(Beginning of Exercise inputs)
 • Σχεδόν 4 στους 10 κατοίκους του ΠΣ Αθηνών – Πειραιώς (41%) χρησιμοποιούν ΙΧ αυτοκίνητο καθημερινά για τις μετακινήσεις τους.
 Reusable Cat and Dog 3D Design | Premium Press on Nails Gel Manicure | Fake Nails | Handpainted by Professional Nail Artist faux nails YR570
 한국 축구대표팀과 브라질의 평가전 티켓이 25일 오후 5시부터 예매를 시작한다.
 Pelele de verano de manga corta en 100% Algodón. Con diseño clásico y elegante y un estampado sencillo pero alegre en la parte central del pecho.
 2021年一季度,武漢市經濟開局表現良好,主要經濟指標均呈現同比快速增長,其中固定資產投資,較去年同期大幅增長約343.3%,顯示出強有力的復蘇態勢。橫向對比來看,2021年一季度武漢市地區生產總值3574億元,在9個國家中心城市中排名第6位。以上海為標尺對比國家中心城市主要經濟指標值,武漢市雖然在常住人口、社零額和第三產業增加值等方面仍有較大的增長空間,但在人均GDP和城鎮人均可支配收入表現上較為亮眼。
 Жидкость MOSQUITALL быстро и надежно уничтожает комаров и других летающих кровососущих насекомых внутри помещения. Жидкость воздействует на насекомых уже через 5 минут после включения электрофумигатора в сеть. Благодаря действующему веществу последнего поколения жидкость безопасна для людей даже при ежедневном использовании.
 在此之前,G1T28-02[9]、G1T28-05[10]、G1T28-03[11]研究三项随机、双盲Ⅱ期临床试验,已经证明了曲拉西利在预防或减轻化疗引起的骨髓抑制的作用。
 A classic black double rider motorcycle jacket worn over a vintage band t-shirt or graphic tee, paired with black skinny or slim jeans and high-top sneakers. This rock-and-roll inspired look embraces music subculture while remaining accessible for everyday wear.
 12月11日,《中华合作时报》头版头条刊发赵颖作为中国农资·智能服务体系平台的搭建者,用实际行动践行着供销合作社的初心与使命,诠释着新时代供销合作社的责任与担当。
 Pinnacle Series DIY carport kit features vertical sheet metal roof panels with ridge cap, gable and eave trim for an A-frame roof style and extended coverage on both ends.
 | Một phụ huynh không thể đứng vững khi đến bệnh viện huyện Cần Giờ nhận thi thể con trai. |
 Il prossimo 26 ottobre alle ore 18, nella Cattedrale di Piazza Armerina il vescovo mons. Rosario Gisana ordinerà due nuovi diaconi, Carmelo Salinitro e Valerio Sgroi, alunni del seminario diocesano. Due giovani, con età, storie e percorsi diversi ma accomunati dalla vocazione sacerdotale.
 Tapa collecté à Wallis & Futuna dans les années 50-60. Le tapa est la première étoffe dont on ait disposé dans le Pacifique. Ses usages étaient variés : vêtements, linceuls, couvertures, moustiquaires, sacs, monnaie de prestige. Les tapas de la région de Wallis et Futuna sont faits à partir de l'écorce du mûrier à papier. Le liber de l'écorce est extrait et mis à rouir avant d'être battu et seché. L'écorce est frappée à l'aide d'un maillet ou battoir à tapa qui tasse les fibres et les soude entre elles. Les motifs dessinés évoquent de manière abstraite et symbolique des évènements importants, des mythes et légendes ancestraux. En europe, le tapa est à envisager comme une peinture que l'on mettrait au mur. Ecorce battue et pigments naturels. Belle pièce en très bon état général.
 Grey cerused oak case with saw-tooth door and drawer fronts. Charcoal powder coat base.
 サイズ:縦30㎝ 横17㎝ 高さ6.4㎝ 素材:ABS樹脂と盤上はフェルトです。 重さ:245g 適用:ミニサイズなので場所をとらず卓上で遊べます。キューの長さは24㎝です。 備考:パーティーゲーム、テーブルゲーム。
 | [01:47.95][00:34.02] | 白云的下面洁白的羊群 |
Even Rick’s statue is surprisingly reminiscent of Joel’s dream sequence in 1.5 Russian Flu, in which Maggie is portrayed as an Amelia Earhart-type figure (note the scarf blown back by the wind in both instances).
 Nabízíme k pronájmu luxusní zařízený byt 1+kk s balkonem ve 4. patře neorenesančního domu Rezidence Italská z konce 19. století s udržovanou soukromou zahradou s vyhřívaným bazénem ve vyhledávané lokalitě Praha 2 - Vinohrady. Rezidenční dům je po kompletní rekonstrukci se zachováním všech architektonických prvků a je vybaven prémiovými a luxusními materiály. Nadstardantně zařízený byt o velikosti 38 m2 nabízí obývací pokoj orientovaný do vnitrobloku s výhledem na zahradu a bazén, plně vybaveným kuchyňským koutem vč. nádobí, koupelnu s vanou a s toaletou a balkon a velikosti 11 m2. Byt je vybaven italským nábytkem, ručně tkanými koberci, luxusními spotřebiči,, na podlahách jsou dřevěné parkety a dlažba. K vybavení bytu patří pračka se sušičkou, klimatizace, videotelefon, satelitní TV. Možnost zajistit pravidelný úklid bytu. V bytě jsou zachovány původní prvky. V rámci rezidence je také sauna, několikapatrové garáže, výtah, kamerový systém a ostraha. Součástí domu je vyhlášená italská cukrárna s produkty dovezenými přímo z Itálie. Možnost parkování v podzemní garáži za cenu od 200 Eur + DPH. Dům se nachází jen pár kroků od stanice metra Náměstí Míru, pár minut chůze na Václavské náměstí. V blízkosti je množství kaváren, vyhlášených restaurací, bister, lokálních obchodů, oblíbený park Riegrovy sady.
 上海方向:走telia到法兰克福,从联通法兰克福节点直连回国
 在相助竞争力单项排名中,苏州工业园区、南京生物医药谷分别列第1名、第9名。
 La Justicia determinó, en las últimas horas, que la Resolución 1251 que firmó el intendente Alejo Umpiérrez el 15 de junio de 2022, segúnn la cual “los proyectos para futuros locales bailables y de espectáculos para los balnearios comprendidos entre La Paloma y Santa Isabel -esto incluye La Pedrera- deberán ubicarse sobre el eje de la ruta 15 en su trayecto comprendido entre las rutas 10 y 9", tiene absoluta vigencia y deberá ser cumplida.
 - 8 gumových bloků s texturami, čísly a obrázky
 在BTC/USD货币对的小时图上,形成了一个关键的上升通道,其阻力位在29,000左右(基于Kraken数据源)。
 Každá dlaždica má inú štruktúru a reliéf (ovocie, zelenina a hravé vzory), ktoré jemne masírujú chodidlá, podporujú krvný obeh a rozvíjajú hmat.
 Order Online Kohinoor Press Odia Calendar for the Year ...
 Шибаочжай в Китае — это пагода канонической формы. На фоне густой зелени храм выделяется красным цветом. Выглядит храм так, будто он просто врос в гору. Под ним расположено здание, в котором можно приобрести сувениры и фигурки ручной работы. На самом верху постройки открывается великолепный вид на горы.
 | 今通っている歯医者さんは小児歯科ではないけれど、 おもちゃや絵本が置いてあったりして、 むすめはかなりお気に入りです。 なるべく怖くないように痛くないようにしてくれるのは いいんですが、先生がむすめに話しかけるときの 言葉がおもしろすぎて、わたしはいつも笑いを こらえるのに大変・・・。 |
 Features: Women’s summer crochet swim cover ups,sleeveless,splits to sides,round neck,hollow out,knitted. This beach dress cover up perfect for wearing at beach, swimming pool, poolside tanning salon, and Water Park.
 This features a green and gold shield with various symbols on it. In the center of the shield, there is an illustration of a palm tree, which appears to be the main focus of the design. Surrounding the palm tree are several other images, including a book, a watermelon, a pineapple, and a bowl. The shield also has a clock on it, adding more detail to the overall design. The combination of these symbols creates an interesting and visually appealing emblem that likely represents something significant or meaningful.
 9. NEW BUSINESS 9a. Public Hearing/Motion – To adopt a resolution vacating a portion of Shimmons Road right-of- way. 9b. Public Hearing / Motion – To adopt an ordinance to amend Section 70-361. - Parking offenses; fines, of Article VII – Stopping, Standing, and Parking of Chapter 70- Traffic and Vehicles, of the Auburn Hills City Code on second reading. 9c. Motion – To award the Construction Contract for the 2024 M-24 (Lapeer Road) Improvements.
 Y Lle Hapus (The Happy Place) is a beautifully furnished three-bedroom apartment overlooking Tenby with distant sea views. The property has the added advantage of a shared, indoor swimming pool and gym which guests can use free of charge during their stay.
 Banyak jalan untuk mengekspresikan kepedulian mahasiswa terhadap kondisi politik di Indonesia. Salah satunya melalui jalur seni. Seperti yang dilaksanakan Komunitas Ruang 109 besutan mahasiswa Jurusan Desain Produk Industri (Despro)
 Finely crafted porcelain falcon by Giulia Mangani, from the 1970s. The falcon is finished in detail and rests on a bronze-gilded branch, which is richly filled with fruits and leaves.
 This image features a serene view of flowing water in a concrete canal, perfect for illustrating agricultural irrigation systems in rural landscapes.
(End of Exercise inputs)
Work instruction => Up to and including the line with "한국 축구대표팀과 브라질의 평가전 티켓이 25일 오후 5시부터 예매를 시작한다.", please return the records exactly, beginning from their first line.

Written solution =>
 • Σχεδόν 4 στους 10 κατοίκους του ΠΣ Αθηνών – Πειραιώς (41%) χρησιμοποιούν ΙΧ αυτοκίνητο καθημερινά για τις μετακινήσεις τους.
 Reusable Cat and Dog 3D Design | Premium Press on Nails Gel Manicure | Fake Nails | Handpainted by Professional Nail Artist faux nails YR570
 한국 축구대표팀과 브라질의 평가전 티켓이 25일 오후 5시부터 예매를 시작한다.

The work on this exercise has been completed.